Activity -
Output the entries word for word. Omit images.

Information supplied -
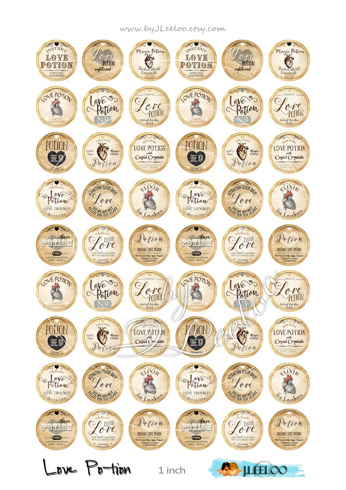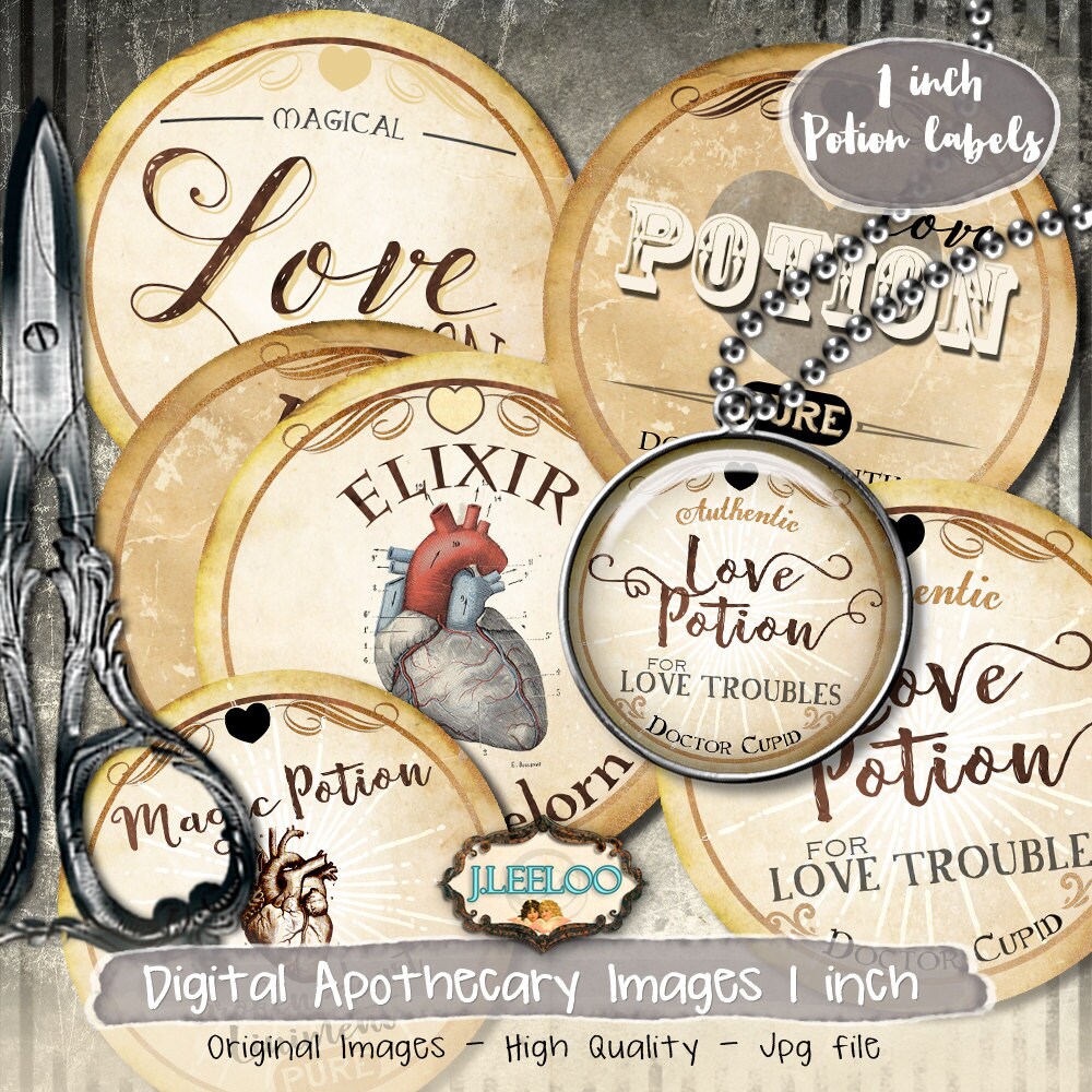 LOVE POTION Instant Download - Digital collage sheet - Circle printable steampunk heart for apothecary jar labels, jewelry, glass cabochons, paper goods, cards, bottle caps, stickers, hang tags and all your artwork.
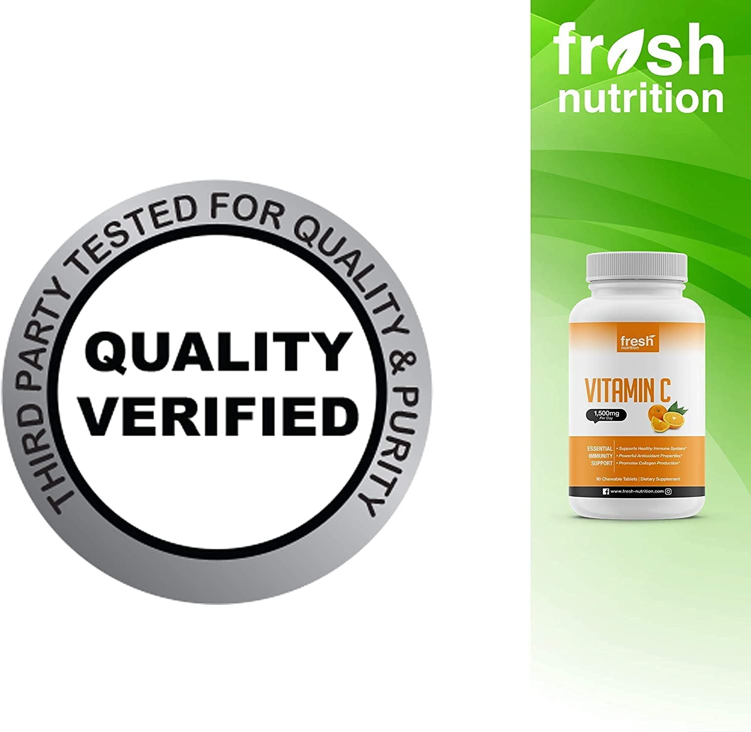 Fresh Nutrition Vitamin C/Vitamina C – There has never been a more important time to boost your natural immunity to help fight off airborne bacteria and viruses. Vitamin C is a well-known anti-viral agent and enzymatic cofactor for immune potentiation. Our Chewable Vitamin C is Vegan friendly, GMO, Soy, and gluten free, and free from artificial flavors, colors, or preservatives. Each chew contains 500mg of Vitamin C for a total serving of 1500mg. Fresh Nutrition sources all-natural ingredients for our Vitamins and Supplements which are third-party tested to ensure purity. This ensures the end result is a trusted product that contains exactly what is promised.Vitamin C – Powerful 1500mg Per Day Immune Support – Tasty Chewable Vitamin C Supplement All Year-Round Potent Support – Vegan Friendly, Non-GMO, Gluten & Soy Free – All Natural Vit C immunity Booster
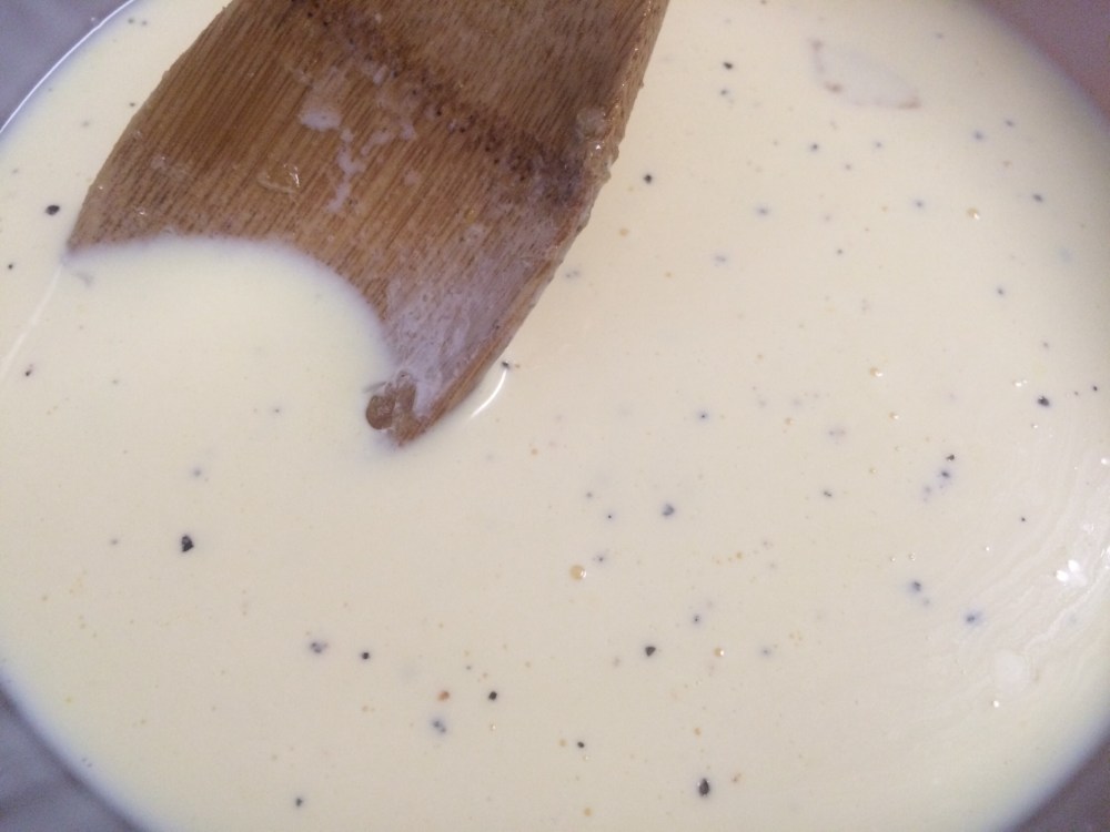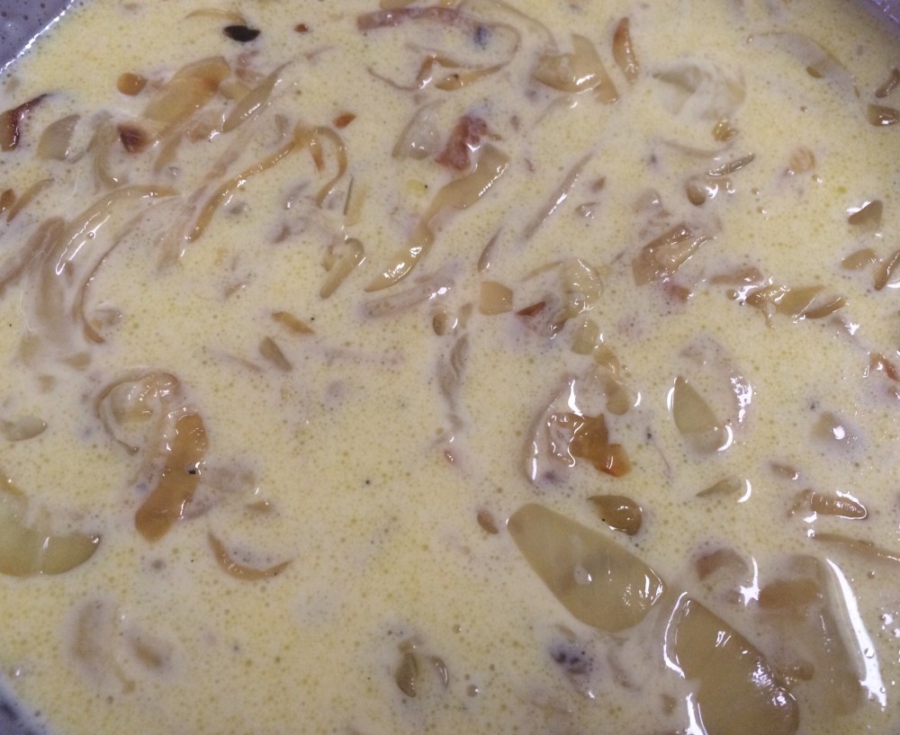 In a large bowl, mix the eggs, cream, milk, salt and pepper.
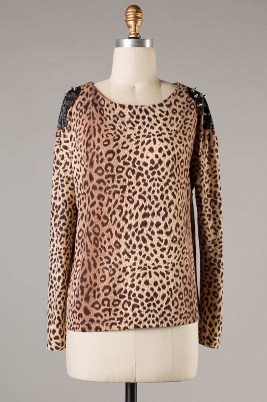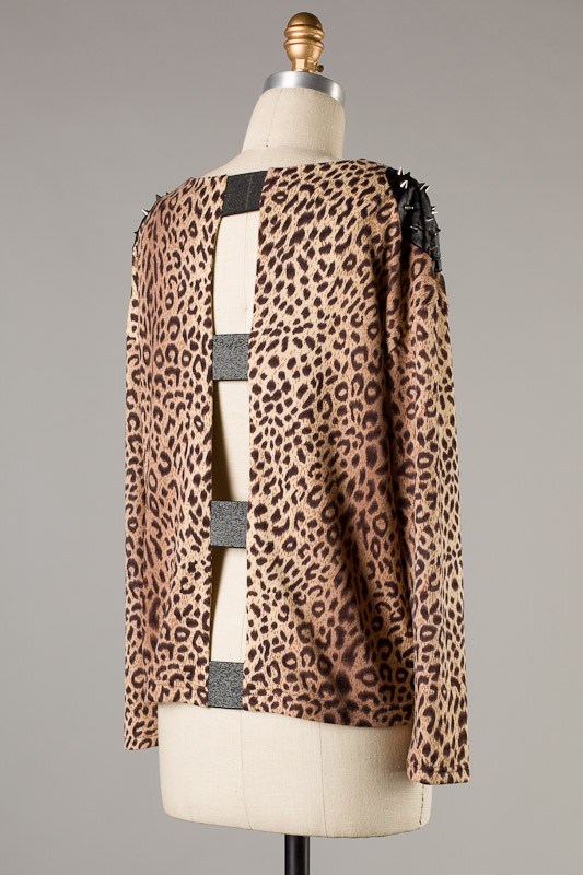 Wild animal print top with studded spikes on the shoulder and cut-outs going down the back. 65% Polyester 32% Rayon 5% Spandex Made in China
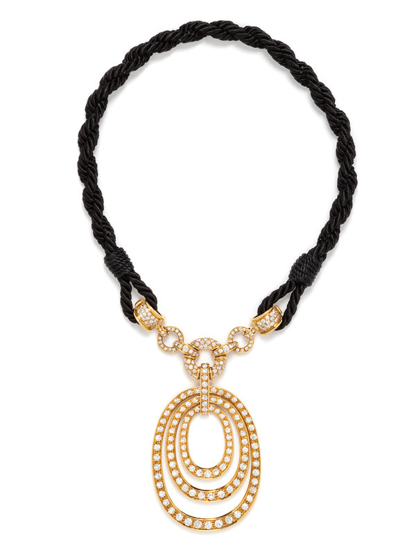 Consisting of yellow gold links containing numerous round brilliant cut diamonds weighing approximately 13.00 carats total, suspended from a black cord necklace.

Solution to this task -
 LOVE POTION Instant Download - Digital collage sheet - Circle printable steampunk heart for apothecary jar labels, jewelry, glass cabochons, paper goods, cards, bottle caps, stickers, hang tags and all your artwork.
 Fresh Nutrition Vitamin C/Vitamina C – There has never been a more important time to boost your natural immunity to help fight off airborne bacteria and viruses. Vitamin C is a well-known anti-viral agent and enzymatic cofactor for immune potentiation. Our Chewable Vitamin C is Vegan friendly, GMO, Soy, and gluten free, and free from artificial flavors, colors, or preservatives. Each chew contains 500mg of Vitamin C for a total serving of 1500mg. Fresh Nutrition sources all-natural ingredients for our Vitamins and Supplements which are third-party tested to ensure purity. This ensures the end result is a trusted product that contains exactly what is promised.Vitamin C – Powerful 1500mg Per Day Immune Support – Tasty Chewable Vitamin C Supplement All Year-Round Potent Support – Vegan Friendly, Non-GMO, Gluten & Soy Free – All Natural Vit C immunity Booster
 In a large bowl, mix the eggs, cream, milk, salt and pepper.
 Wild animal print top with studded spikes on the shoulder and cut-outs going down the back. 65% Polyester 32% Rayon 5% Spandex Made in China
 Consisting of yellow gold links containing numerous round brilliant cut diamonds weighing approximately 13.00 carats total, suspended from a black cord necklace.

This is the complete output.